## Exercise materials
========
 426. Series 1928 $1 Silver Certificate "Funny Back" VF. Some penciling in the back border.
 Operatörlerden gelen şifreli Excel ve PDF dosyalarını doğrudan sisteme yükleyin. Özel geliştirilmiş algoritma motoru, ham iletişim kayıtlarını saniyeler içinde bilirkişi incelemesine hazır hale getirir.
========
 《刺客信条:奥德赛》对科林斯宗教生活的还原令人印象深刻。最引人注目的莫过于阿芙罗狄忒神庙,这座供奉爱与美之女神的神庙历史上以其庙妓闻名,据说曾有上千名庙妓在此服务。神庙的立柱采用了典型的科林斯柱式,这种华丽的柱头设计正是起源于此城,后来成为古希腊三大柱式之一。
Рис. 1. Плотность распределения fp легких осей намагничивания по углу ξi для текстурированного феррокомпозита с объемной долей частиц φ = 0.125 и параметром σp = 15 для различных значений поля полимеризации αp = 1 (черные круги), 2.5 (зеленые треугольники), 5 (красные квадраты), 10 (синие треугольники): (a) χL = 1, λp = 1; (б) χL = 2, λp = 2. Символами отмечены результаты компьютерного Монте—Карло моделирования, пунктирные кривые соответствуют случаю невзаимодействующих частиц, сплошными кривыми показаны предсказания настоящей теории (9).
========
## Work instruction
Using the entries shown above, reproduce verbatim the lines from the line bearing "426. Series 1928" to the line bearing "Operatörlerden gelen şifreli", inclusive.

## Output for this task
 426. Series 1928 $1 Silver Certificate "Funny Back" VF. Some penciling in the back border.
 Operatörlerden gelen şifreli Excel ve PDF dosyalarını doğrudan sisteme yükleyin. Özel geliştirilmiş algoritma motoru, ham iletişim kayıtlarını saniyeler içinde bilirkişi incelemesine hazır hale getirir.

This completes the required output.